Un voisin qui utilise votre connexion sans autorisation ne ralentit pas seulement vos vidéos ou vos jeux en ligne. Il peut aussi exposer votre réseau à des usages illégaux, tenter d’accéder à vos appareils connectés ou profiter d’un routeur mal configuré. Sécuriser le WiFi de maison consiste donc à protéger bien plus qu’un simple accès Internet : vos données, vos équipements et votre tranquillité.
Cette protection ne demande pas forcément de connaissances techniques avancées. Quelques réglages bien choisis sur votre box ou votre routeur réduisent fortement les risques. Le principe est simple : contrôler qui se connecte, maintenir l’équipement à jour et séparer les appareils qui n’ont pas besoin d’accéder les uns aux autres.
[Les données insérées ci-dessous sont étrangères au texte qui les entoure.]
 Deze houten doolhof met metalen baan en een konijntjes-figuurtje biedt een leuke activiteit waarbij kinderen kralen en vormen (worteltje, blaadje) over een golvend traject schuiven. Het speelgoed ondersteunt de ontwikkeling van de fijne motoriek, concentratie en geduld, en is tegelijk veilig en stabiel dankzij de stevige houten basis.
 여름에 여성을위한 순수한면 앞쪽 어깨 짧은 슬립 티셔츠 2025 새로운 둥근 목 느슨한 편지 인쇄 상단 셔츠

Pourquoi sécuriser son WiFi de maison ?
Le WiFi traverse les murs. Dans un immeuble, un lotissement ou une maison avec des voisins proches, un réseau mal protégé peut être détecté depuis l’extérieur. Si le mot de passe est faible, ancien ou partagé trop largement, une personne non autorisée peut s’y connecter sans que cela soit immédiatement visible.
Les conséquences vont au-delà d’une connexion lente. Un intrus peut repérer des ordinateurs, des imprimantes réseau, des caméras IP, un boîtier domotique ou un stockage partagé. Sur un réseau domestique, ces équipements sont souvent installés pour leur côté pratique et restent configurés avec des réglages par défaut. C’est précisément ce qui les rend plus vulnérables.
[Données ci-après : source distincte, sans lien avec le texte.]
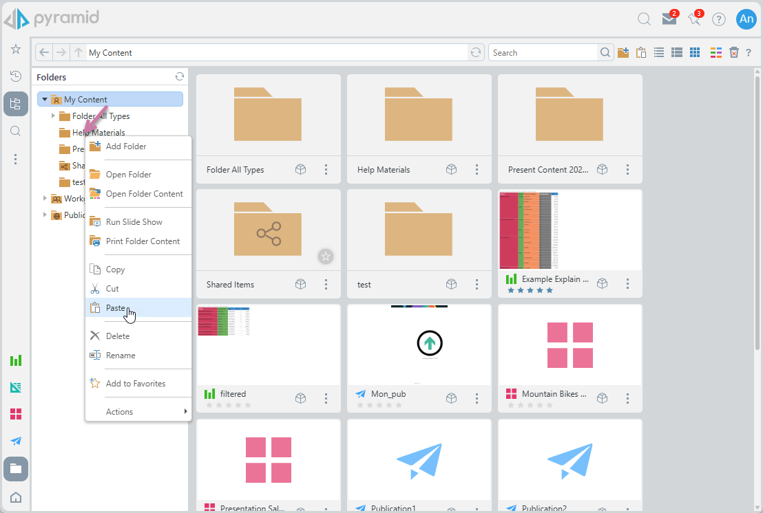 - Right-click a folder in the tree and Paste from the context menu to paste the items into that specific folder:
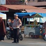 LALU LINTAS SEMRAWUT, BHABINKAMTIBMAS POLSEK TAPUNG HULU ‘PASANG BADAN’ DI PASAR SUKARAMAI
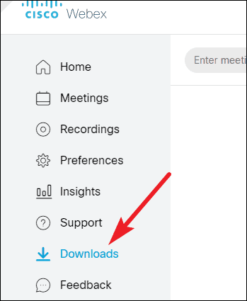Open your Webex meeting site on the browser, and go to ‘Downloads’ from the navigation menu on the left. Then, find the ‘Recorders and Players’ section and click the Recording and Playback link to go to the download page.
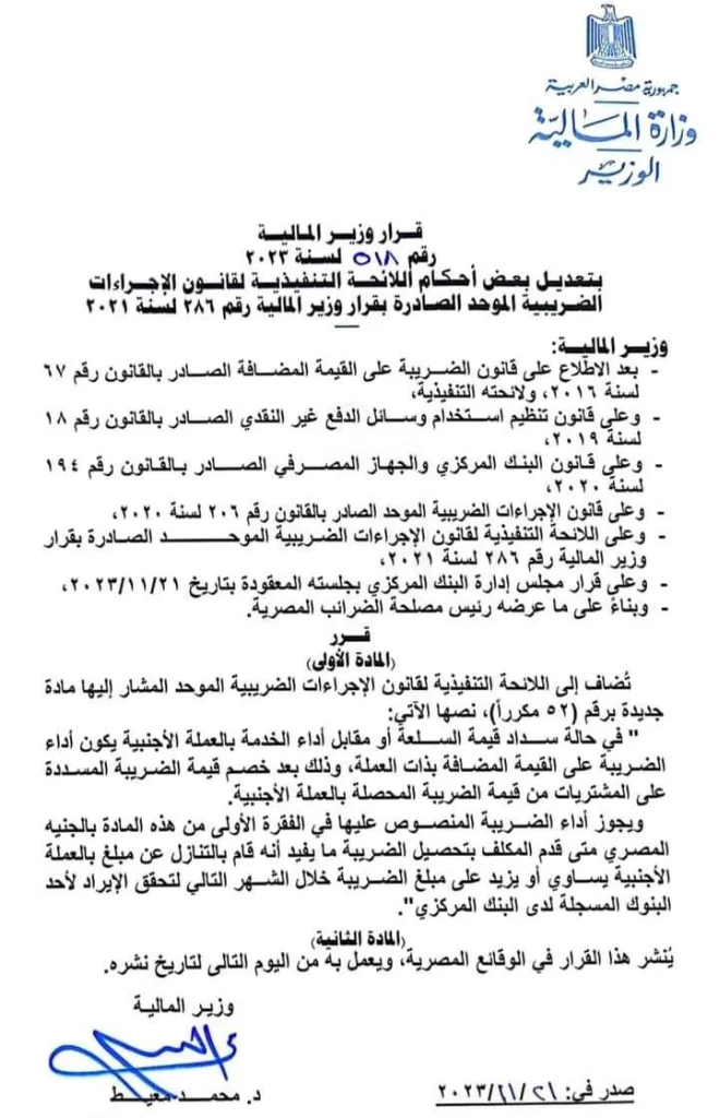 وأضاف وزير المالية مادة جديدة إلى اللائحة التنفيذية لقانون الإجراءات الضريبية الموحد، مادة تلزم مقدم السلعة أو الخدمة التي يتم تحصيل قيمتها بالعملة الأجنبية بتقديم الضريبة المضافة عليها بنفس عملة.
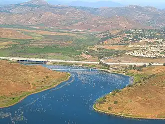 ![]() Lake Hodges looking east with views of the 2009 pedestrian bridge, Interstate 15's Lake Hodges Bridge, and the San Pasqual Valley in the distance | |
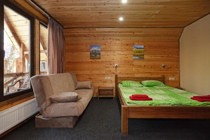 Гостевой дом расположен в поселке Катунь (6 км от аэропорта). Для размещения предоставляются двух, трех, четырех местные и семейные номера. За проживание животных плата не взимается, но предварительная договоренность необходима. Завтрак подается по меню, но может быть включен в оплату проживания. Летом во дворе гостиницы устанавливается каркасный бассейн. До горнолыжного подъемника – 1 км. Есть сауна и терраса на свежем воздухе. Для детей поставлена песочница и батут.
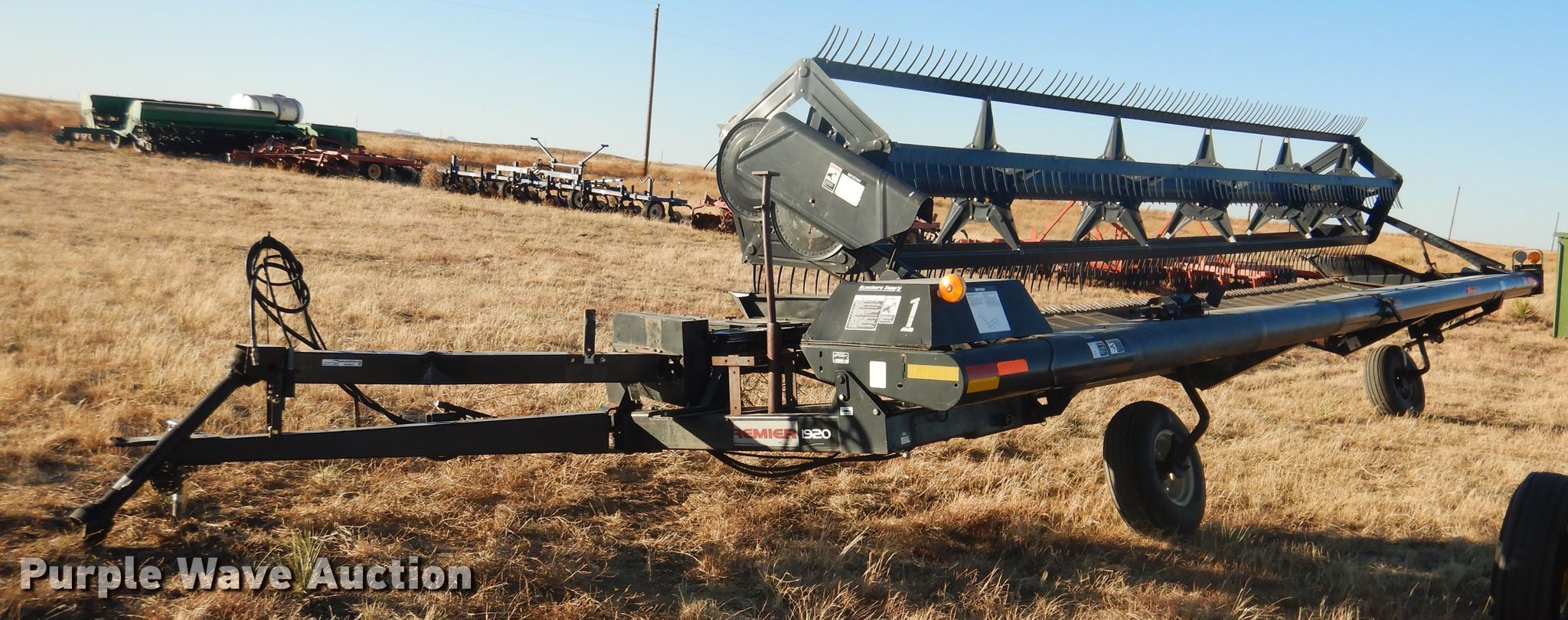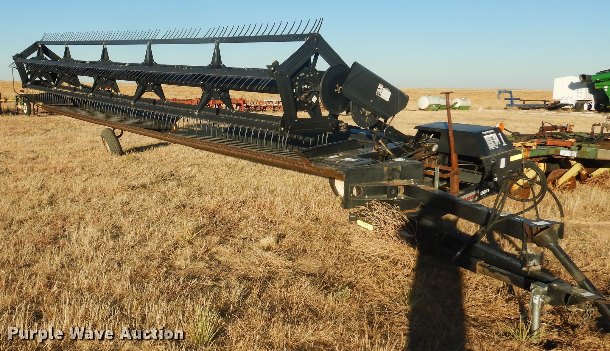 Purple Wave is selling a used Windrower Pull Type in Texas. This item is a 2005 MacDon windrower with the following: Draper head, 30'W, Hydraulic head tilt, 1000 PTO, Swivel hitch, Serial 166096

Pour les indépendants et petites entreprises qui travaillent depuis leur domicile, l’enjeu est encore plus concret. Un ordinateur professionnel connecté au même réseau qu’une télévision, des objets connectés ou les téléphones des visiteurs doit être correctement isolé. La sécurité du WiFi fait alors partie des bonnes habitudes de continuité d’activité.
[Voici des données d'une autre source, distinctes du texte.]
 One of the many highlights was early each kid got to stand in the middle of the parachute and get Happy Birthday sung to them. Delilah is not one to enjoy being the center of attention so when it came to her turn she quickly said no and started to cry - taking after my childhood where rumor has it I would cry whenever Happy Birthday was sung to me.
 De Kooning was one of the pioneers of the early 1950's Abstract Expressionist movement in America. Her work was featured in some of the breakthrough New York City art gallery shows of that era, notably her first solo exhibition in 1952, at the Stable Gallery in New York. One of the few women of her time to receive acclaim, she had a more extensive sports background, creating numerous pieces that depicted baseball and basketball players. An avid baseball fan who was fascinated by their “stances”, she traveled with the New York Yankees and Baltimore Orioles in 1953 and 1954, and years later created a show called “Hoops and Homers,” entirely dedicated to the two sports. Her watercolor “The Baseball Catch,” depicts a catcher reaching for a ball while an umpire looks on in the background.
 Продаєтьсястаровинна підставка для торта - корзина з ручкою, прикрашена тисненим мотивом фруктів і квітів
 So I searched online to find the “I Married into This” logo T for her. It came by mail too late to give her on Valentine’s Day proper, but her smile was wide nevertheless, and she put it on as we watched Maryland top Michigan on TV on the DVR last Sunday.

1. Remplacez le mot de passe WiFi par défaut
La première mesure est aussi la plus efficace. Le mot de passe indiqué sous une box n’est pas toujours faible, mais il peut avoir été communiqué à des visiteurs, à d’anciens occupants ou à des intervenants. Si vous ne savez plus qui le possède, changez-le.
Choisissez une phrase de passe longue, facile à retenir pour votre foyer et difficile à deviner. Une combinaison de quatre ou cinq mots sans lien évident, accompagnée de chiffres ou de caractères spéciaux, fonctionne mieux qu’un prénom suivi d’une date de naissance. Évitez le nom de famille, l’adresse, le prénom des enfants et les informations visibles sur les réseaux sociaux.
Un mot de passe WiFi n’a pas besoin d’être saisi chaque jour. Il est donc préférable qu’il soit long plutôt que simplement court et complexe. Conservez-le dans un gestionnaire de mots de passe ou dans un endroit sûr, plutôt que de l’afficher près de la box.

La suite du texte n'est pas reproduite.